2017 PGA EuroPro Tour season
- Duration: 26 April 2017 – 26 October 2017
- Number of official events: 16
- Most wins: Chris Lloyd (3)
- Order of Merit: Chris Lloyd

= 2017 PGA EuroPro Tour =

Golf tour season

The 2017 PGA EuroPro Tour, titled as the 2017 HotelPlanner.com PGA EuroPro Tour for sponsorship reasons, was the 16th season of the PGA EuroPro Tour, a third-tier tour recognised by the European Tour.

== Schedule ==
The following table lists official events during the 2017 season.

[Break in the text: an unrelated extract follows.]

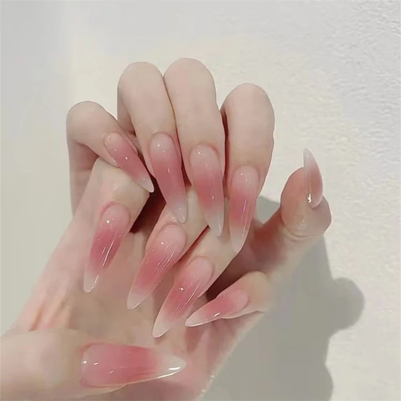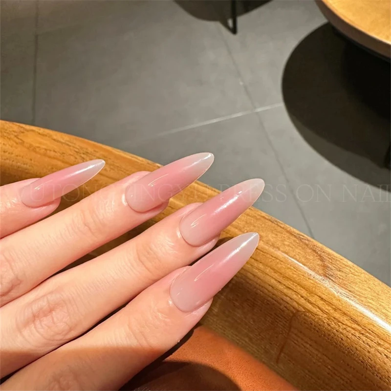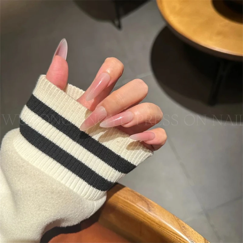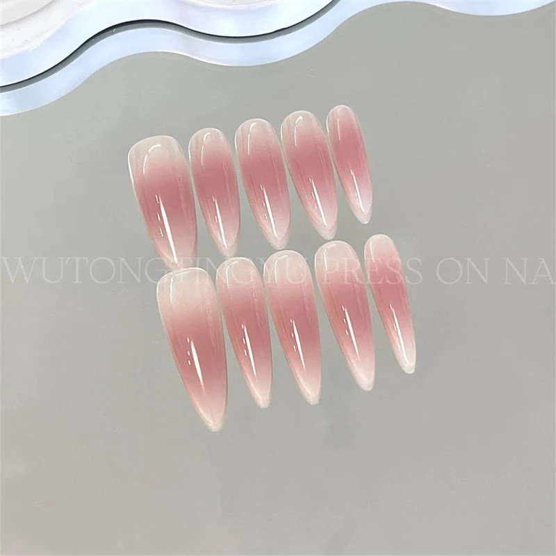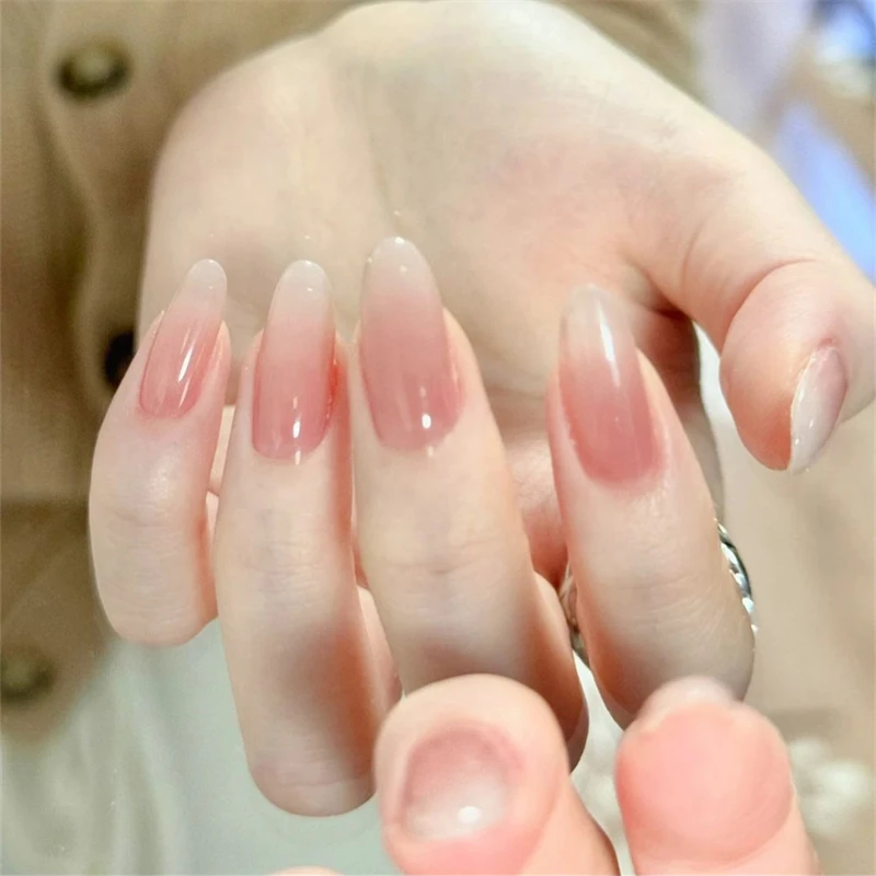 Qfdian 10pcs Handmade Press On Nails Fake Nails Honey Peach Blush Middle Short Almond Oval Coffin False Nails Gentle Nails Finger Tips

| Date | Tournament | Location | Purse (£) | Winner | OWGR points |
|---|---|---|---|---|---|
| 28 Apr | Lookers Championship | Tyne and Wear | 49,460 | IRL Gavin Moynihan (1) | 4 |
| 12 May | Great National Hotels Irish Masters | Ireland | 48,455 | ENG Sam Robertshawe (1) | 4 |
| 19 May | IFX Championship | Oxfordshire | 47,605 | ENG Hugo Dobson (1) | 4 |
| 15 Jun | Eagle Orchid Scottish Masters | Angus | 47,030 | ENG Chris Lloyd (1) | 4 |
| 23 Jun | PDC Golf Championship | Oxfordshire | 49,210 | ENG Chris Lloyd (2) | 4 |
| 30 Jun | Grenke Championship | Wiltshire | 47,030 | ENG Neil Raymond (1) | 4 |
| 7 Jul | Dawson and Sanderson Classic | Northumberland | 49,945 | ENG Nick Marsh (1) | 4 |
| 21 Jul | Cobra Puma Golf Championship | Carmarthenshire | 47,030 | NIR Jonathan Caldwell (2) | 4 |
| 28 Jul | Matchroom Sport Championship | Bedfordshire | 47,030 | ENG Sam Connor (3) | 4 |
| 4 Aug | Nokia Masters | West Sussex | 49,210 | ENG Chris Lloyd (3) | 4 |
| 11 Aug | Motocaddy Masters | Cheshire | 51,070 | ENG James Adams (1) | 4 |
| 18 Aug | Pentahotels Championship | Berkshire | 48,695 | KOR Kim Min-kyu (1) | 4 |
| 25 Aug | FORE Business Championship | East Sussex | 46,735 | KOR Kim Min-kyu (2) | 4 |
| 1 Sep | Jessie May World Snooker Golf Championship | Northamptonshire | 46,735 | ENG Alex Belt (2) | 4 |
| 15 Sep | Clipper Logistics Championship | West Yorkshire | 47,605 | ENG James Adams (2) | 4 |
| 26 Oct | Sky Sports Tour Championship | Portugal | 97,980 | ENG Adam Chapman (1) | 4 |

==Order of Merit==
The Order of Merit was titled as the Race to Amendoeira and was based on prize money won during the season, calculated in Pound sterling. The top five players on the Order of Merit (not otherwise exempt) earned status to play on the 2018 Challenge Tour.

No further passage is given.